Somos vagarosos para praticar aquilo que fez Jeremias tão bem: “quero trazer à memória o que pode me dar
esperança” (Lm 3.21). Muitas vezes, aquele que está abatido pelo medo
nutre-se não da esperança que está reservada àqueles que confiam no Senhor: “creio que verei a bondade do SENHOR na
terra dos viventes” (Sl 27.13), mas perturbam-se com todo tipo de
pessimismo e ilusões terríveis que, na maioria das vezes, jamais acontecerão.
Existe um momento em que o medo
deixa de ser benéfico e passa a ser extremamente nocivo, porque paralisa até
mesmo aquilo que é cotidiano. Vivemos em um mundo cheio de perturbações, onde,
a qualquer momento, uma terrível tragédia pode abater até os mais cuidadosos.
Ninguém está isento aos perigos de viver em um mundo caído, mas esse sentimento
desordenado revela a falta de confiança em Deus, assim como um coração
supersticioso. Aquele que acredita em um deus distante daquEle claramente
revelado nas Escrituras está entregue às intempéries dessa vida.
Imagino que o Senhor escute nossos medos como eu
escuto os medos da Alice. Sei que seus maiores temores são fantasias, da mesma
maneira o Senhor sabe que nossos pesadelos estão alicerçados em quimeras, fatos
não concretizados. Se constantemente nos lembrássemos de que “o SENHOR é a minha luz e a minha salvação”
(Sl 27.1a) nada nos amedrontaria nem as ação dos malfeitores ou o agir de um
exército contra mim, tampouco as doenças e as perdas que esta vida me reservam.

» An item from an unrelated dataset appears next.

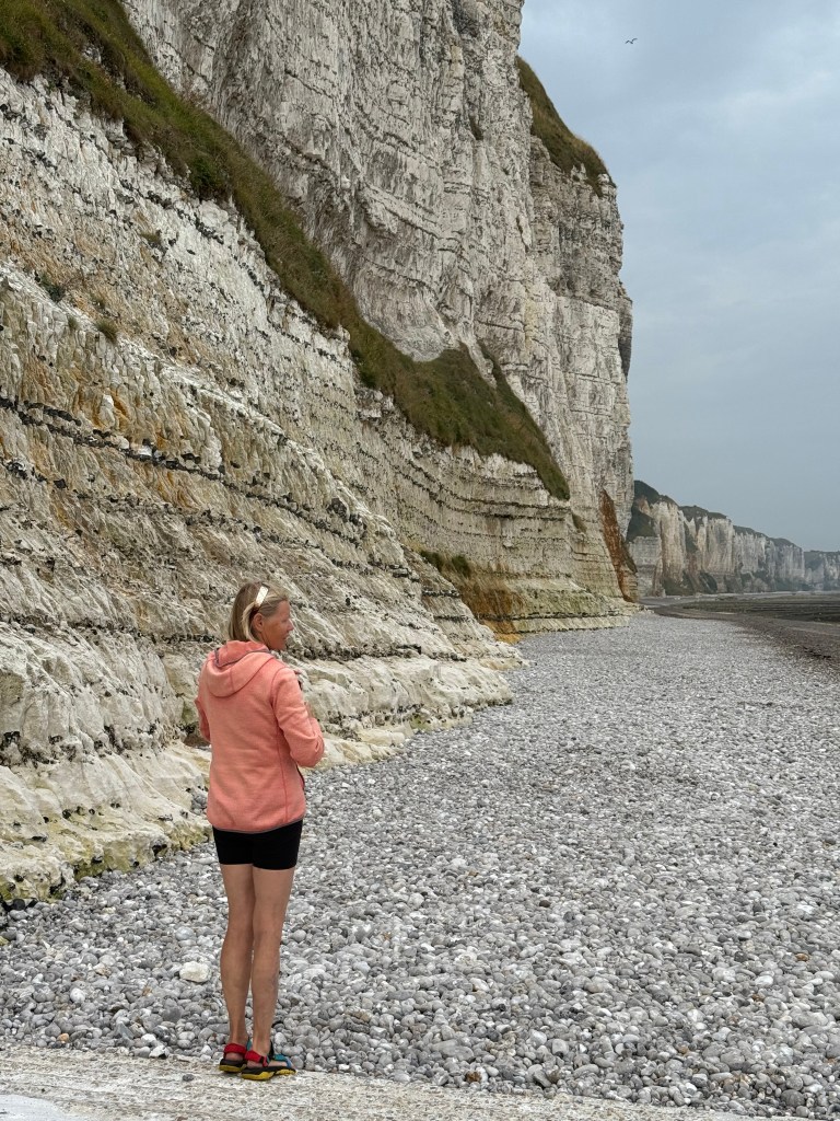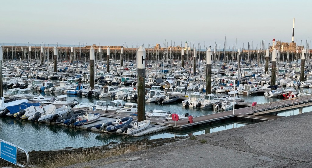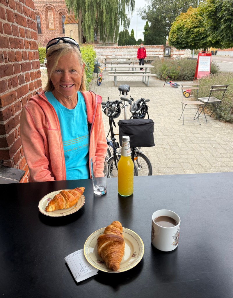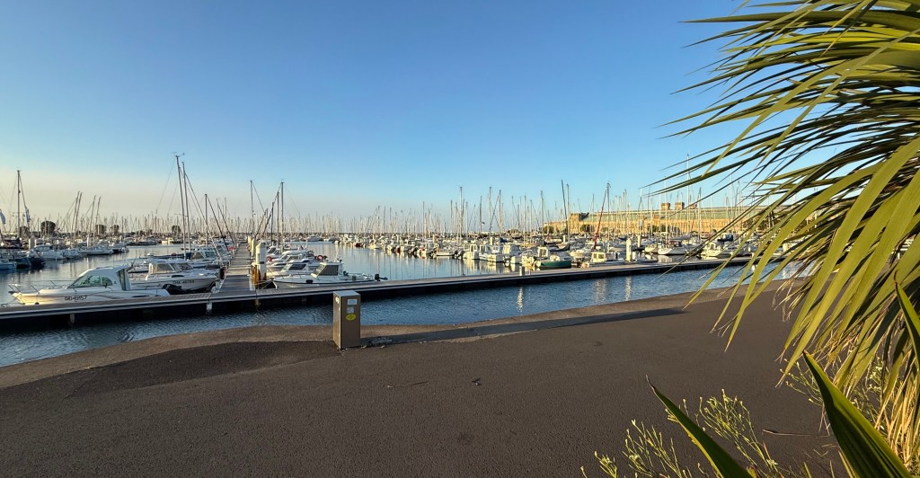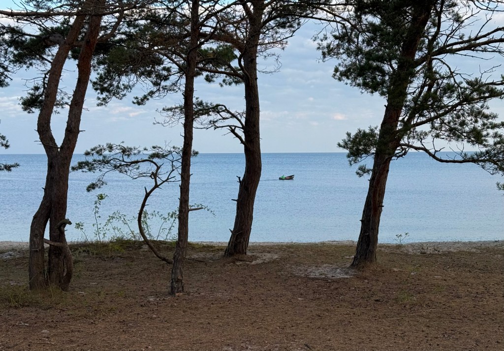 Morgonpromenaden tar oss till stranden. Fiskaren i den lilla båten, som vi träffade senare, har fångat en tjugotal rödspättor som han säljer eller ger bort. De är små. Svårt att förstå honom när han envisades med att ha en pipa i munnen. Hela tiden…

Nenhuma preocupação deveria ser maior do que a de buscar o Senhor enquanto se
pode achar.
O medo é para o ser humano uma carga que só consegue
suportar menos do que vinte e quatro horas. Quando somamos os cuidados de hoje
aos de ontem (com os quais não podemos lidar, porque foram tragados pelo
passado e pertencem à história) ou aos de amanhã (com os quais não podemos
lidar, porque estão no futuro, mesmo que próximo, e, por isso, distantes de
nossa possibilidade de agir) passamos a nos deprimir e nos desencorajar diante
desse mundo mau. Dessa maneira Jesus nos aconselha: “não vos inquieteis com o dia de amanhã, pois o amanhã trará os seus
cuidados; basta para cada dia o seu próprio mal” (Mt 6.34).
Há alguns dias a minha Pequenina começou a não chorar
tanto por causa do terrível Lobo Mau. Quando ouvi sua oração antes de dormir,
entendi o porquê dessa melhora: ela estava pedindo a proteção de nosso Pai
celestial. Entendeu de sua maneira algo que terá de vivenciar ao longo de sua
vida: “não andeis ansiosos por coisa
alguma; em tudo, porém, sejam conhecidas, diante de Deus, as vossas petições,
pela oração, súplica com ação de graças. E a paz de Deus, que excede todo
entendimento, guardará o vosso coração e a vossa mente em Cristo Jesus” (Fl
4.6,7)
Assim como a pequena Alice, podemos encontrar para
todos os nossos medos grande alívio e poderoso antídoto em nossas orações.